● Given information:
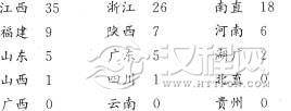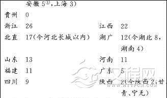 东南四省占了全国总数76.5%,北方四省仅占16%,此外中南西南三省合占7%。除西南广西、云、贵三省无人外’奇怪的是,畿辅之地北直竟亦无人,十五省中缺了四省,总的分布形势基本与宰辅相同,而荣枯之差更大。这应该是由于宰辅出自科举,科举各省有定额,故分布面比较广,比较平衡,而理学的授受传播则自应由近而远,僻远处更难为传播所及。可见科举和儒术虽然是两回事,二者都足以代表当时文化盛衰的地区差异。
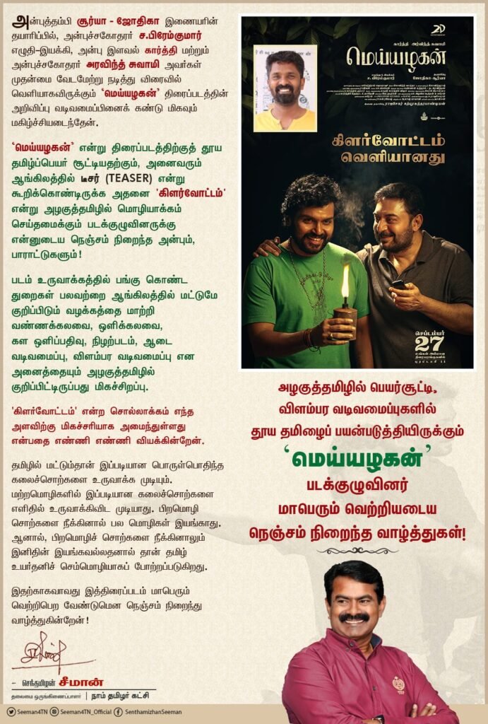 ‘மெய்யழகன்’ என்று திரைப்படத்திற்குத் தூய தமிழ்ப்பெயர் சூட்டியதற்கும், அனைவரும் ஆங்கிலத்தில் டீசர் (TEASER) என்று கூறிக்கொண்டிருக்க அதனை ‘கிளர்வோட்டம்’ என்று அழகுத்தமிழில் மொழியாக்கம் செய்தமைக்கும் படக்குழுவினருக்கு என்னுடைய நெஞ்சம் நிறைந்த அன்பும், பாராட்டுகளும்!
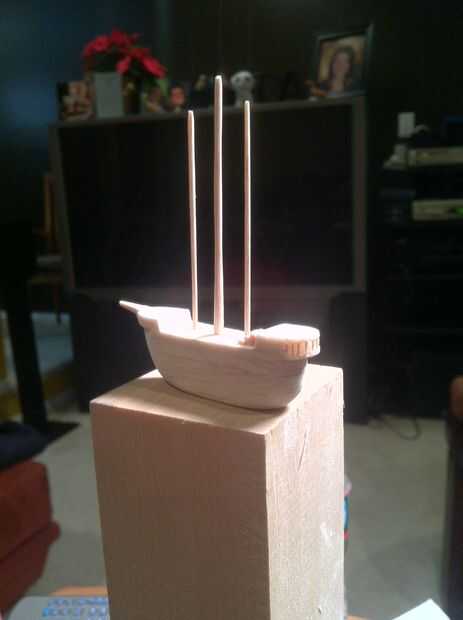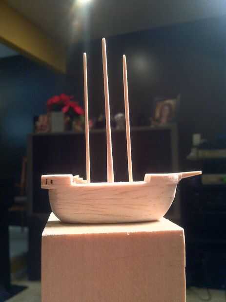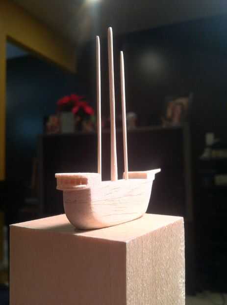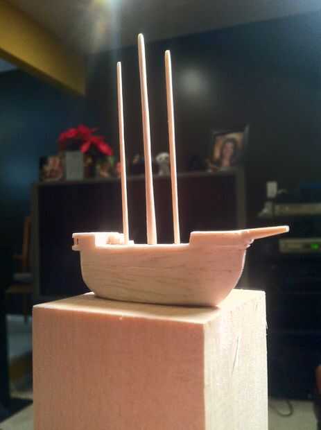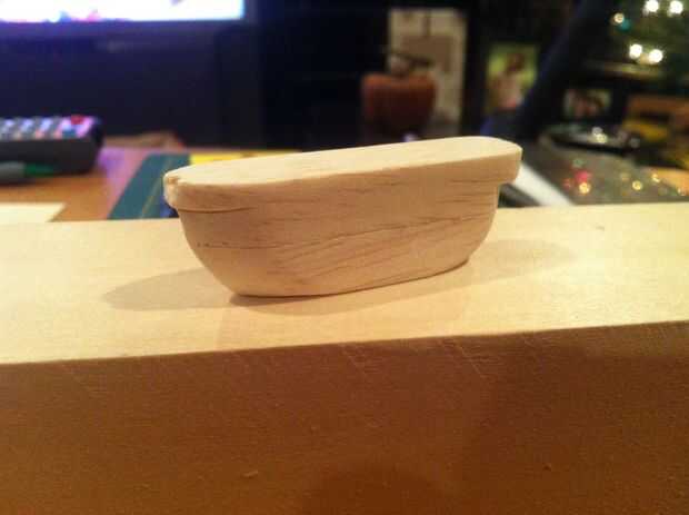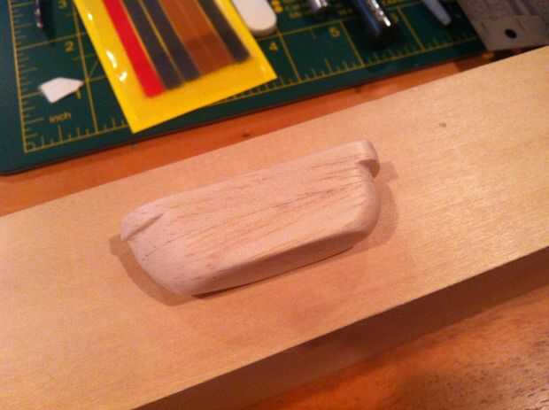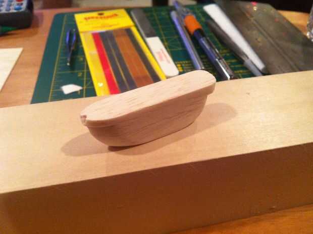 Comenzar con un cuchillo fino x-acto para cortar la forma áspera del casco, de 2 piezas de madera bajos pegados juntos. Entonces arena para crear una forma más última del casco sí mismo. Se corta la cubierta hacia fuera hacia fuera para crear un levantado proa y la popa.
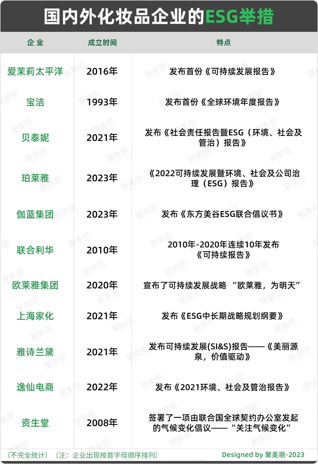 从品牌端的相关动向来看,美妆品牌多以包装、原料配方、生产能源、工艺等在可持续这件事上发力,此外,国内外美妆头部注重ESG(Environmental环境、Social社会、Governance治理的缩写,是一种关注企业环境、社会、公司治理绩效而非传统财务绩效的投资理念和企业评价标准)的建设,践行可持续发展理念,也算是例证。

● Your goal: Output verbatim the lines beginning at the line with "Comenzar con un" and ending at the last line of the material above, inclusive. Do not carry over any pictures.

● Solved exercise:
 Comenzar con un cuchillo fino x-acto para cortar la forma áspera del casco, de 2 piezas de madera bajos pegados juntos. Entonces arena para crear una forma más última del casco sí mismo. Se corta la cubierta hacia fuera hacia fuera para crear un levantado proa y la popa.
 从品牌端的相关动向来看,美妆品牌多以包装、原料配方、生产能源、工艺等在可持续这件事上发力,此外,国内外美妆头部注重ESG(Environmental环境、Social社会、Governance治理的缩写,是一种关注企业环境、社会、公司治理绩效而非传统财务绩效的投资理念和企业评价标准)的建设,践行可持续发展理念,也算是例证。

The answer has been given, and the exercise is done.